Rant: Linux Wars

So, I got into Linux almost 15 years ago now. Back in the day, Linux was about having a cheap and convenient UNIX-like system for those who couldn’t afford expensive Sun hardware at home or who wanted to get more involved with understanding and hacking on the internals. Linux benefited enormously from the fallout of the “UNIX Wars”, which had seen different UNIX vendors attacking one another, huge amounts of fragmentation etc., before a re-unification effort centered around common standards, like POSIX (and later, SUS). Yes, these standards are not perfect, but they send a strong message of intent.
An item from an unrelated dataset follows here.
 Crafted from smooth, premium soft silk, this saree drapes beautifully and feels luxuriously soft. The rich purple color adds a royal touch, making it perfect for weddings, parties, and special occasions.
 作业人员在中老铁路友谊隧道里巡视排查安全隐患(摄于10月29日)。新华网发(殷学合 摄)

Because we had common standards for low-level pieces, for interoperability, etc. we could at least make an effort to have portable software between very different systems. The reality wasn’t always rosy, but the intent was there. Everything from networked filesystems (NFS) to graphical desktop (X) was centered around understanding that there were “others” out there you needed to play nicely with. You could go implement some shiny new feature in a silo, or make your version do things in a radically new way, but the implosion of the UNIX market had demonstrated the futility of doing that in a vacuum without putting some effort into common solutions that others were going to get behind. Or at least not intentionally doing things differently in a way that couldn’t be easily integrated with other systems later on.
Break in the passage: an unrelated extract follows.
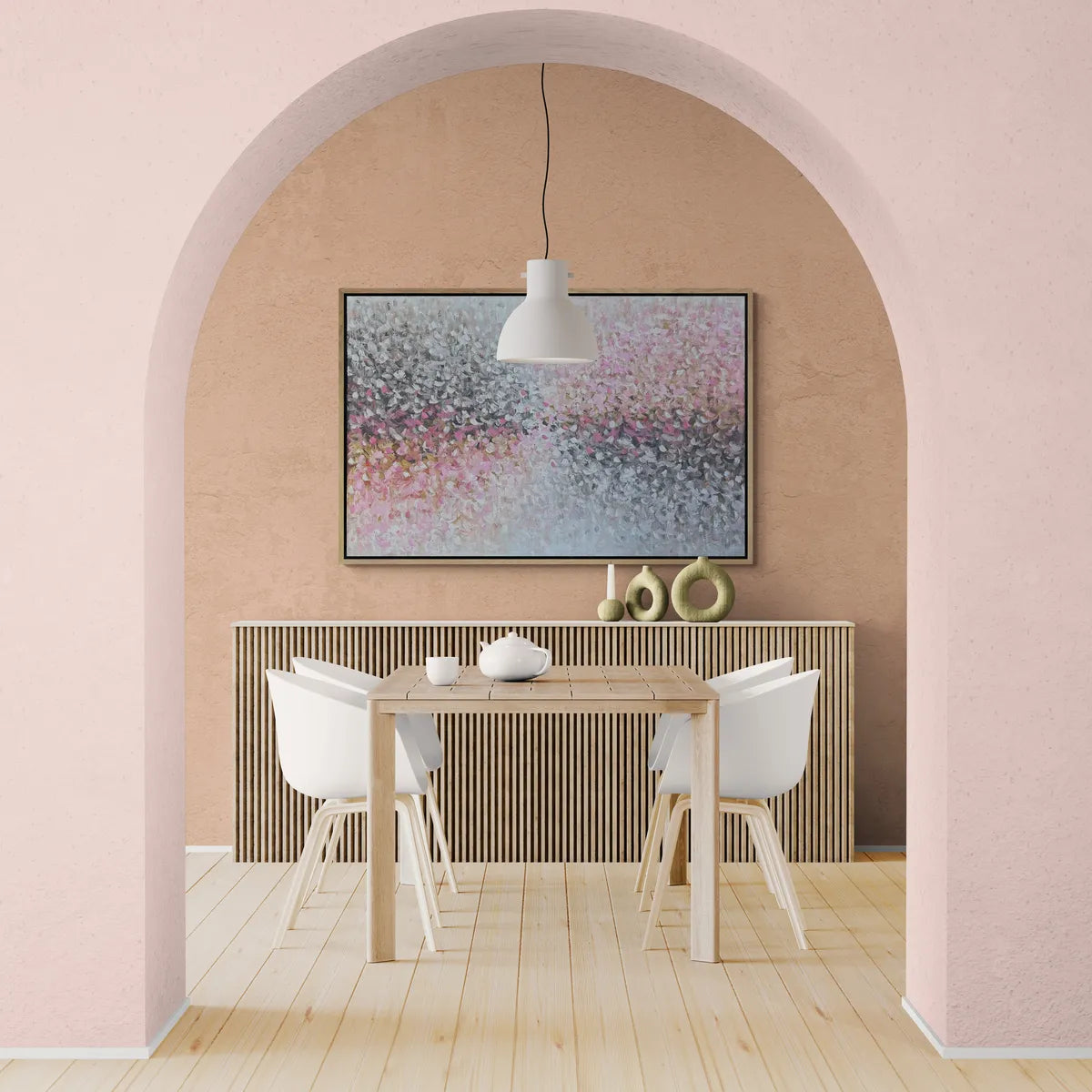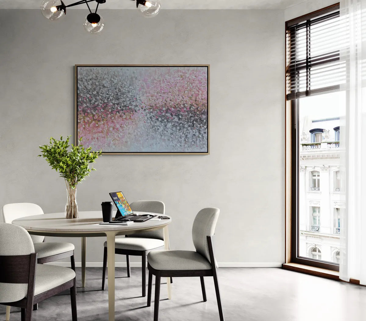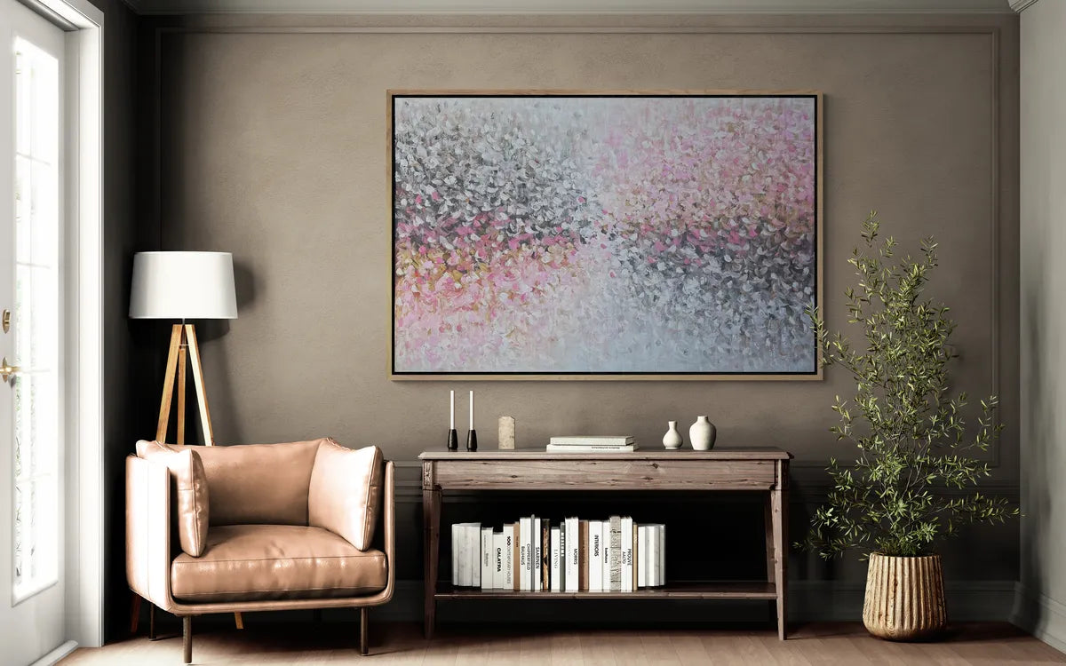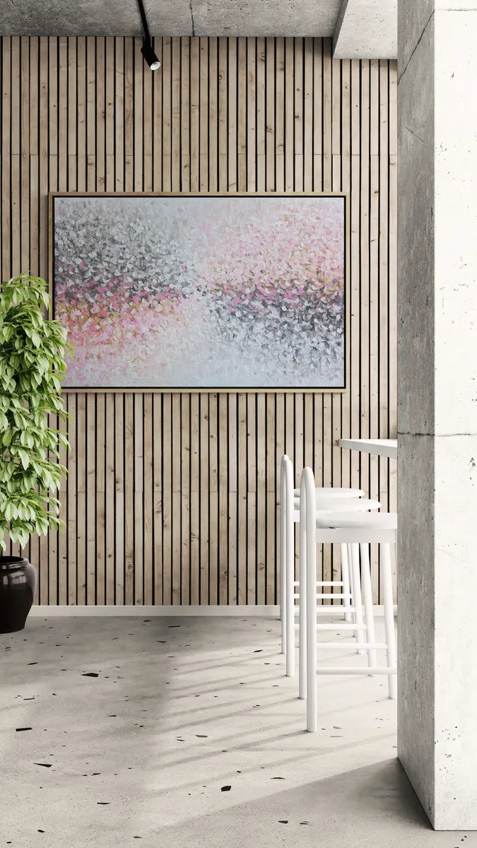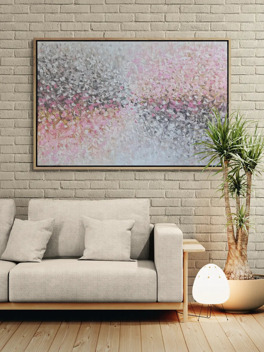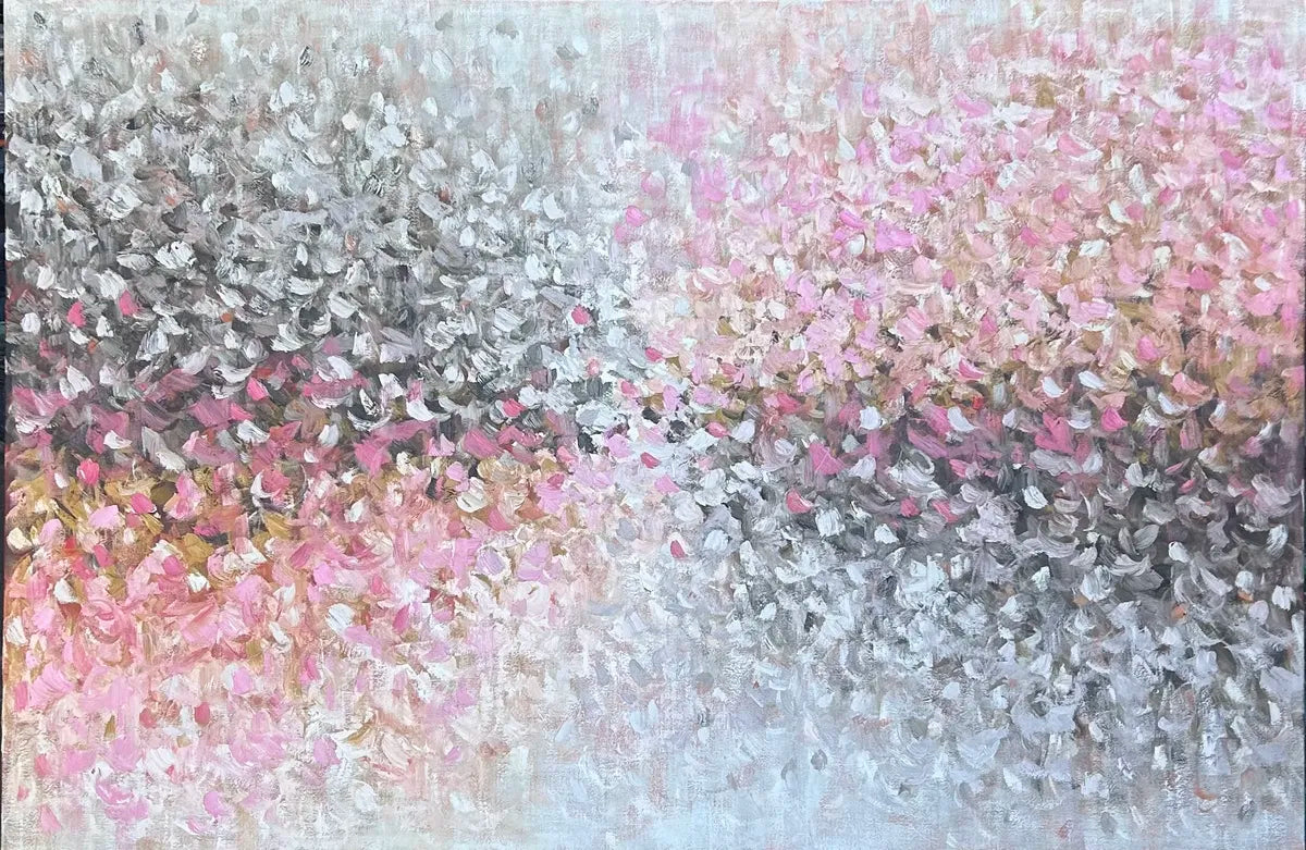 'Forever Loved' is a tender interplay of soft blues and gentle pinks, where layered hues drift and merge like memories held close. The painting carries a quiet depth, inviting the viewer into an emotional landscape of warmth, longing, and eternal connection. Each brushstroke feels like a whisper of love that never fades.

And then Linux grew up and became all sexy. Those involved started changing, not necessarily in bad ways, but just different. Suddenly not everyone enjoyed using terminals, typing commands, or having various daemons and services around. They wanted something for “mainstream” users that had all the fluff and shine of other Operating Systems. And so various projects spawned up over the last decade, seemingly out of a necessity, following the “Bazaar is always best” philosophy (which typically also comes with a hefty dose of libertarian-like laissez-faire thinking). New protocols, new interfaces, whole new approaches just kind of happened on us without any real co-ordinated thinking at a much higher level. So now we have many difference folks pulling in different directions. And each year one “Linux” becomes more different than the next “Linux”. Some want compatibility and standards based development (even if it’s lousy at times). Others want “OMG, not some lame standard, pah! we’re the best! just do it!” and for Linux to do its own thing entirely. Neither approach is entirely correct, nor entirely wrong. But we’re not learning from UNIX either.

Anyway. Now would be a very great time for us to take a deep breath and ask ourselves if we want to have the next ten years be like the last. Do we want to continue along a path that is going to increasingly see two, three, or more “solutions” to common Linux issues, with vendors getting behind one or another, and folks criticizing projects for NIH mentality? Or do we want to have a moment of Zen where we realize we’d be better off playing nicely together on a more comprehensive approach to world domination? I personally would like to see industry standards bodies like the Linux Foundation drive a few years of stabilization and standardization wherein we get behind common Linux ways to do things so we don’t turn into the next incarnation of UNIX.

I speak only for myself, etc.


2 Responses to “Rant: Linux Wars”

  1. James Antill says:

    I think at least some of this is explained by the necessity of doing things one way N years ago, and the lack of the same today. For instance when I first started to use Linux I _needed_ my code to run on Solaris (most of the servers were Sun boxes), and there were a significant number of *BSD servers too.
    But for a long time now the only real question has been “What kind of Linux box is it?” — and even more recently, with VPSs, even that’s not a question as it’s always the arch. (of i686 or x86_64) you want running the OS you want.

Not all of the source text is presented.